How do I find the limit of a function as #x# approaches a number?

1 Answer
Oct 2, 2015

If the function is continuous at that value of #x#, just computing it should work. For other functions, try to factor the discontinuity out, and then computing it.

If nothing works, and you don't have access to derivatives to use L'Hôpital rule, just take a numeric approach and see if it's close to a pattern, or try to use other approaches like the Squeeze Theorem or a geomtrical proof.

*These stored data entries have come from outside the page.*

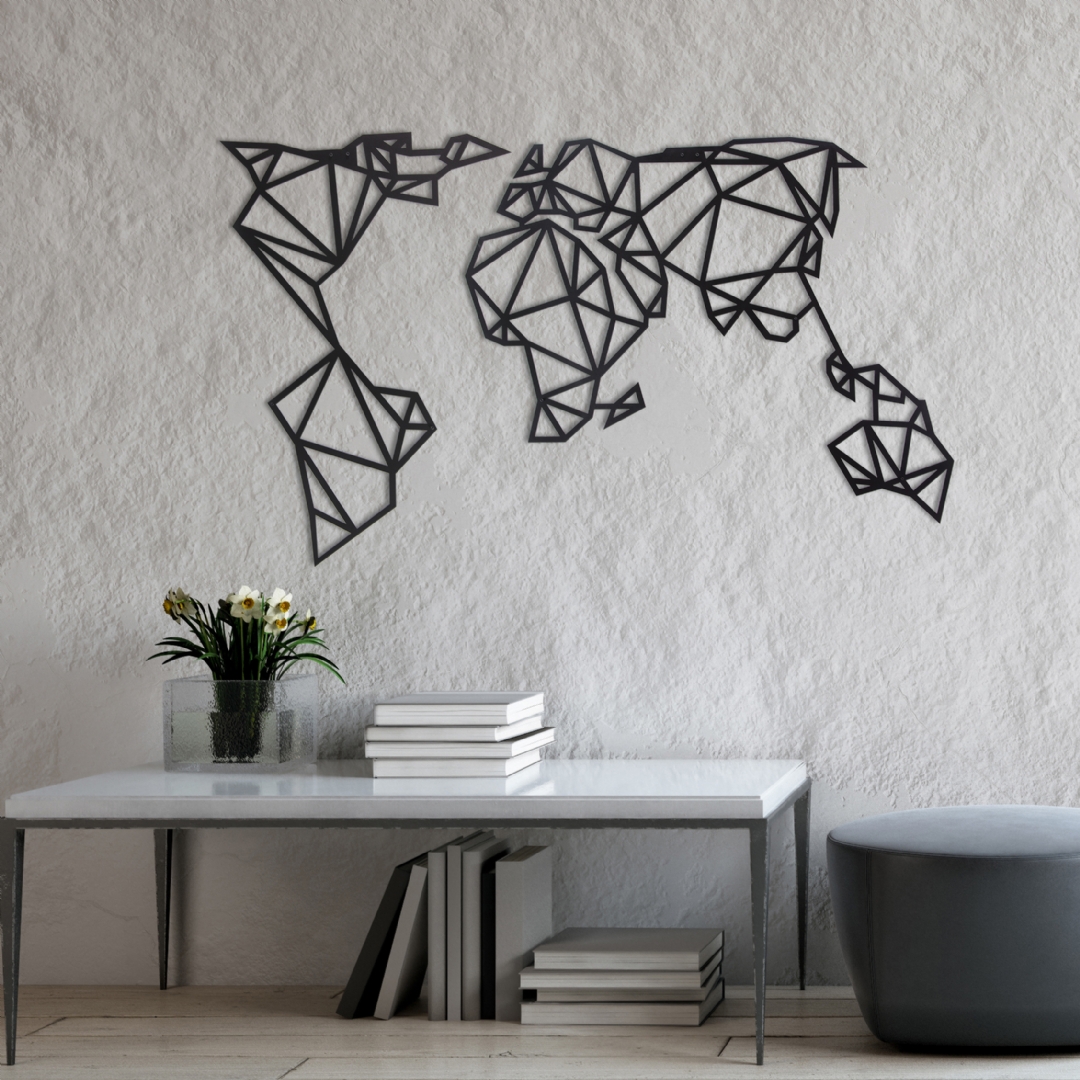 Geometrik Dünya Haritası Metal Duvar Dekorasyonu
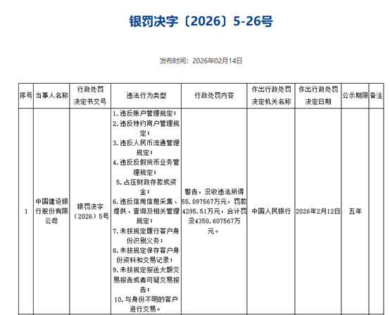 2026年2月14日,建设银行因违反账户管理规定、未按规定履行客户身份识别义务、未按规定报送大额交易报告或者可疑交易报告、与身份不明的客户进行交易等10项违法违规,被中国人民银行警告,没收违法所得55.097567万元,罚款4295.51万元,合计罚没4350.607567万元。
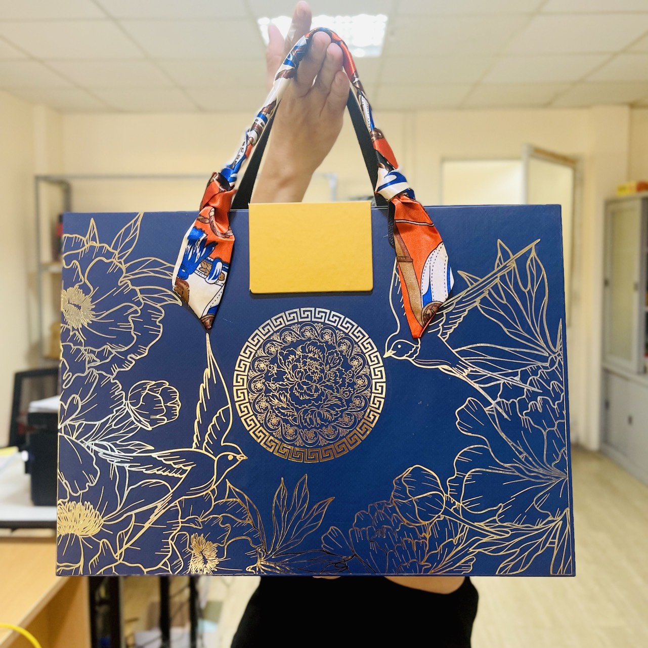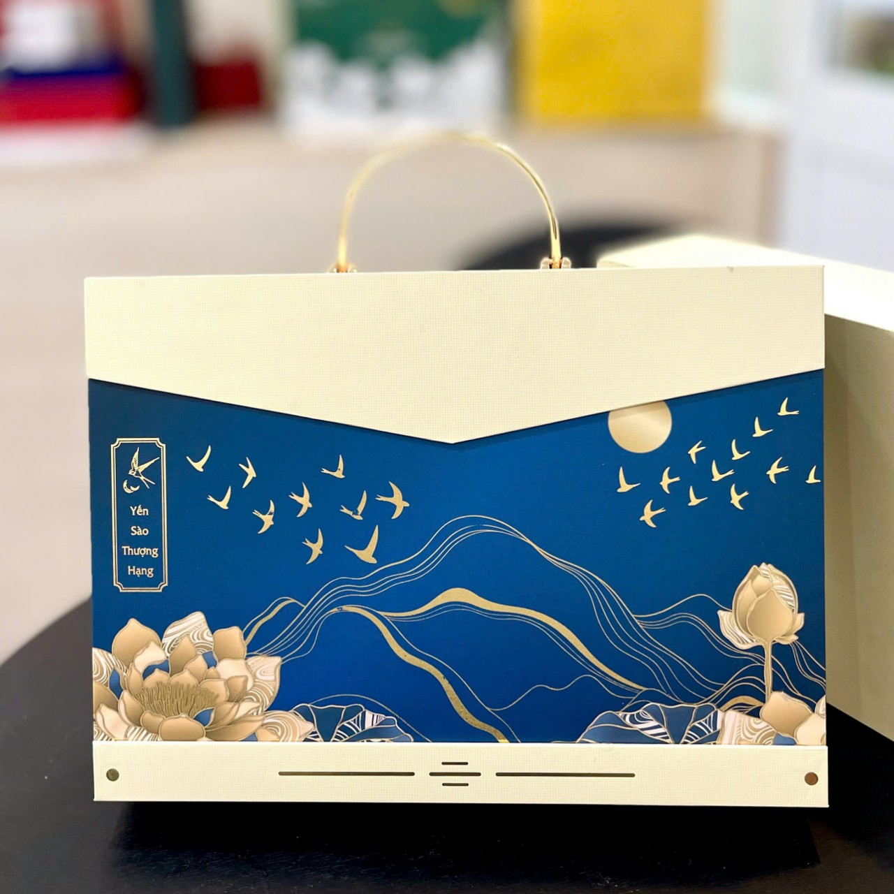 Hộp quà cao cấp đựng yến 1HM/DL 2 đường quai kim loại

For example:

#lim_(x rarr4)(x^2-8x+16) = 0#

The function is continuous* for all real values of #x# so just plugging the value of #x# is good enough.

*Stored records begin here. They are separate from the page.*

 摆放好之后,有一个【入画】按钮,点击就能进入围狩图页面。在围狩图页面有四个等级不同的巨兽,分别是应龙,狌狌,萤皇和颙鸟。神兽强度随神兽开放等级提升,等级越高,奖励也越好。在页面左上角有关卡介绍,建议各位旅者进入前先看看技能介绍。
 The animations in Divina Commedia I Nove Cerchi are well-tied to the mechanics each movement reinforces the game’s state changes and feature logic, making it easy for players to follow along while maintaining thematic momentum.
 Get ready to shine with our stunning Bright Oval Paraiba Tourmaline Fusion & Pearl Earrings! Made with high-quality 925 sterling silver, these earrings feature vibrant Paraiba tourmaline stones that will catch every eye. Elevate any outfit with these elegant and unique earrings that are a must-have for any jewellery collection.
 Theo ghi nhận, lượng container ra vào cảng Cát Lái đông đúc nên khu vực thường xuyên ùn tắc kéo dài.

#lim_(xrarr4)(x^2-16)/(x-4) = lim_(xrarr4)((x+4)(x-4))/(x-4) = lim_(xrarr4)(x+4) = 8#

The function isn't continous at #x=4# because we'd have division by #0#, but using algebra we can take out the denominator, making a continuous function to just plug the number in.

#lim_(thetararr0)(sin(theta))/theta = 1#

This one you can't factor out. You need to use the unit circle and the Squeeze theorem to make a proof or try a numeric approach.

*A function is continuous on a certain range if you can draw the graph on that range without lifting your writing utensil, or more formally, if there isn't any point that would create a math error, like division by zero, even root of a negative, logarithm of a negative or null number, etc.